If so, add start adding back your tm_map until you find the thing that
breaks it.
Best,
Ista
On Tue, Dec 6, 2016 at 10:25 AM, Patrick Casimir <patrcasi at nova.edu>
wrote:>
> docs has 4 documents and inspect(docs) shows 4 plaintextdocument
>
>
>> summary(docs)
> Length Class Mode
> case1.txt 2 PlainTextDocument list
> case2.txt 2 PlainTextDocument list
> case3.txt 2 PlainTextDocument list
> case4.txt 2 PlainTextDocument list
>
>> inspect(docs)
> <<VCorpus>>
> Metadata: corpus specific: 0, document level (indexed): 0
> Content: documents: 4
>
> [[1]]
> <<PlainTextDocument>>
> Metadata: 7
> Content: chars: 4564
>
> [[2]]
> <<PlainTextDocument>>
> Metadata: 7
> Content: chars: 9312
>
> [[3]]
> <<PlainTextDocument>>
> Metadata: 7
> Content: chars: 1388
>
> [[4]]
> <<PlainTextDocument>>
> Metadata: 7
> Content: chars: 2366
>
>
>
> ________________________________
> From: Ista Zahn <istazahn at gmail.com>
> Sent: Tuesday, December 6, 2016 10:08:28 AM
>
> To: Patrick Casimir
> Cc: r-help at r-project.org
> Subject: Re: [R] Why is DocumentTermMatrix showing 0 term?
>
> What is in docs?
>
> What does
>
> inspect(docs)
>
> say?
>
> --Ista
>
>
>
> On Tue, Dec 6, 2016 at 9:29 AM, Patrick Casimir <patrcasi at
nova.edu> wrote:
>> Thanks Ista.

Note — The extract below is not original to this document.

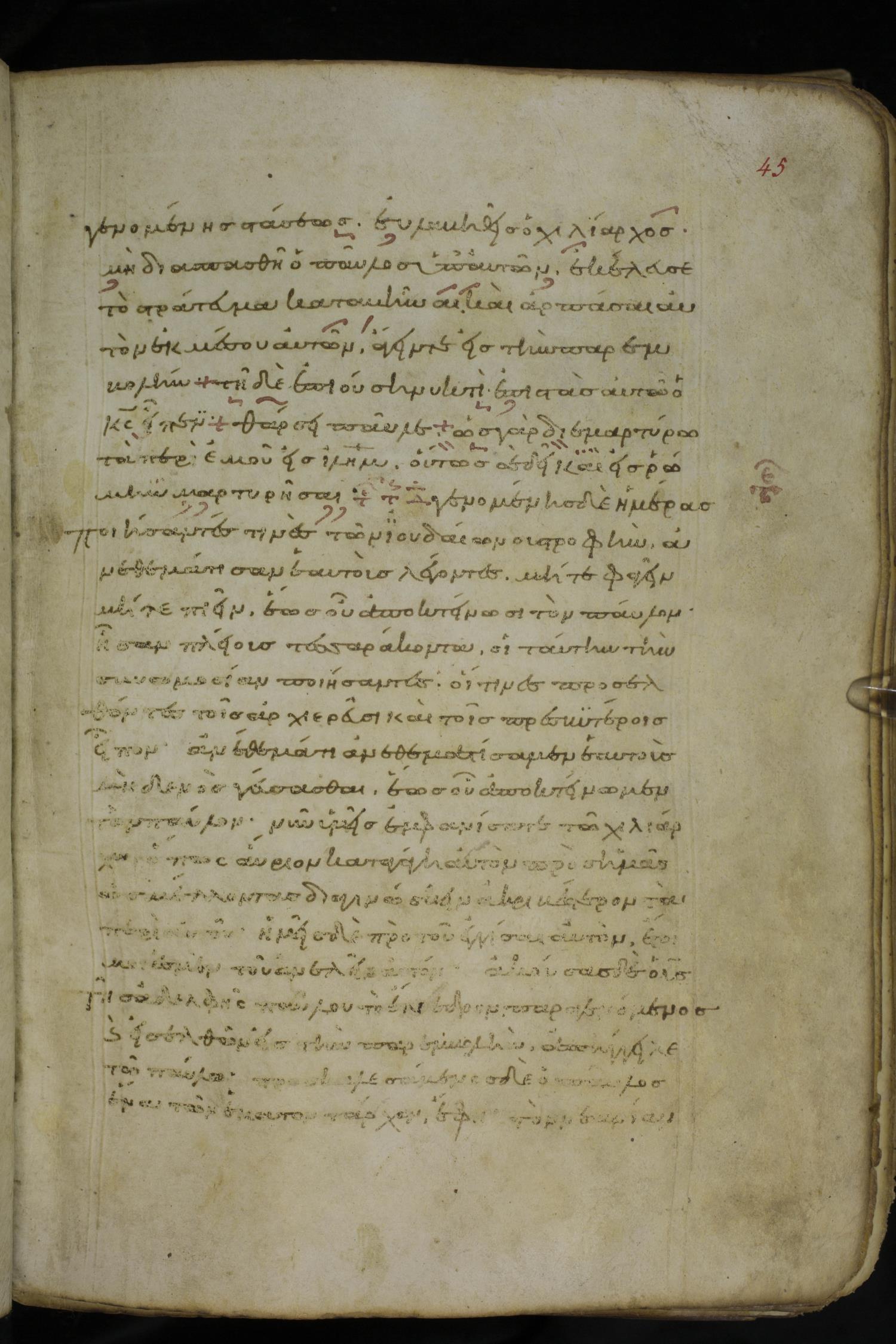 Tenth century minuscule of the Apostolos on parchment; 86 leaves, 1 column, 25-26 lines per column. Images were taken at the National Library of Greece in Athens.

See codes below. I am not sure why the DTM is showing 0
term.
>> I
>> have 4 documents in the corpus. And I was able to make transformations
>>
>> to the documents inside the corpus.
>>
>>
>>> cname <- file.path("C:\\Users\\Desktop\\Text
Mining\\Cases\\MyCorpus")
>>> dir(cname)
>> [1] "case1.txt" "case2.txt" "case3.txt"
"case4.txt"
>>> library(tm)
>>> docs <- Corpus(DirSource(cname))
>>> install.packages("magrittr" ,dependencies=TRUE)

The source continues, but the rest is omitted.